Uso máscara de galinha mas consertei o Centro Comunitário; o dono do bar, Gus, também frequenta o local.

O jogo reabre uma ferida urbana: a incompetência mortífera diante da chamada vida simples. Saber plantar na hora certa, esperar o tempo da colheita, perder toda a plantação quando vem uma nova estação do ano. Entender o ciclo da natureza demora e demanda ajuda do Stardew Valley Wiki, e quando revirar o lixo é a única possibilidade de não morrer com a barrinha de sangue lá embaixo, a sociedade desce o sarrafo. Quem é pego mexendo no lixo dos outros (onde às vezes sobra um pãozinho ou uma lata de Joja Cola, a bebida da megacorporação maligna que é uma delícia) toma uma reprimenda e perde moral com a comunidade.

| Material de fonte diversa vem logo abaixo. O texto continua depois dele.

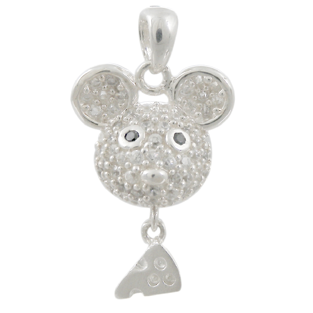 Rhodium plating CZs are set in fancy mick head hanged cheesse silver pendant
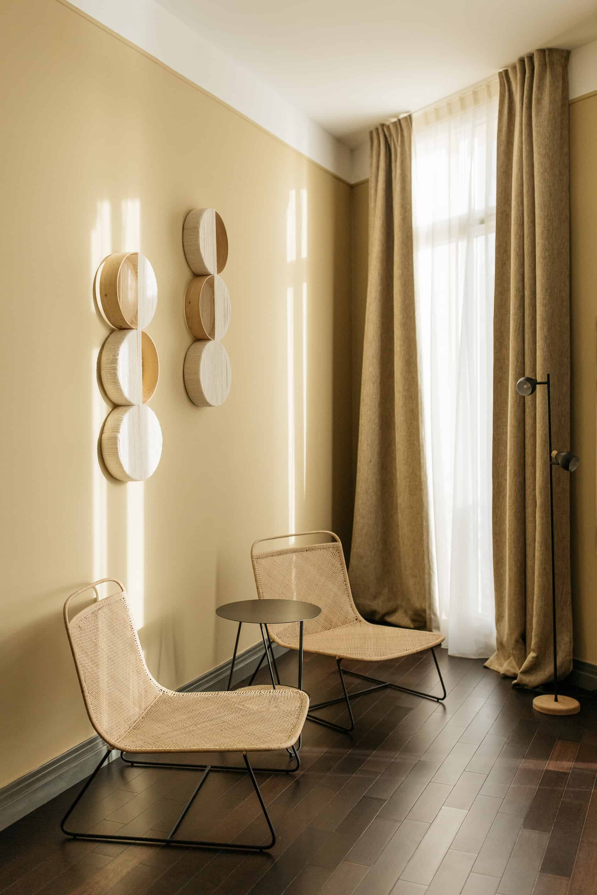 Les 48 chambres répondent à trois thèmes qui conjuguent habilement deux teintes : le jaune épice et le vert bronze en référence aux terres chaudes d’Afrique, le vert menthe et bleu Majorelle à l’image du Maroc et enfin, le rose et turquoise à la Ricardo Bofill. On retrouve dans les chambres du bois, brut ou d’ébène, du rotin, du métal et autres joncs tressés. L’accent est mis sur des matériaux naturels avec des chaises en bois brun et cannages clairs, des rideaux en toile de jute, des tapis de jute comme tête de lit, des poufs kilim, des suspensions en osier ainsi que des poignées martelées et mobilier en pierre de lave. Dans les salles de bain, les murs se plaisent en carreaux de zellige traditionnels.

Essa é a parte em que a aventura fica mais complicada. Não basta ser bom, é preciso ter também uma boa imagem aos olhos dos locais, caso contrário a vida demora mais a andar. Na inocência de quem havia começado a jogar fazia pouco tempo, passei alguns dias presenteando os vizinhos com os melhores peixes que eu conseguia pescar. Os melhores!!! Conseguidos com iscas de primeira qualidade!!! E era cada olhar de nojo, "que coisa fedorenta!", as pessoas ficavam gravemente ofendidas. Outros presentes que não faziam sucesso eram alguns tipos de plantas — o azevinho, só faltou jogarem de volta na minha cara. Aos poucos, foi dando pra entender que o pessoal curtia mesmo era um manufaturado de boa qualidade, um prato mais elaborado, um diamante lapidado… Tudo filha da puta mesmo.

Enquanto eu aumentava a minha casa, melhorava a qualidade dos acabamentos, colocava um piso mais caprichado, conhecia melhor essa comunidade de interesseiros. Equipei minha fazenda, comprei galinhas, patos, ovelhas, vacas leiteiras e até porcos especializados em encontrar trufas. Adquiri um cavalo, silos, toda a maquinaria necessária ao agronegócio, só me faltava um empréstimo do BNDES. Enquanto essa grana não vinha, eu me virava na mineração, à procura de metais preciosos e diamantes. Hábil na agricultura, razoável na mineração e plenamente capaz de comercializar meus produtos, eu era praticamente todo o PIB de Stardew Valley.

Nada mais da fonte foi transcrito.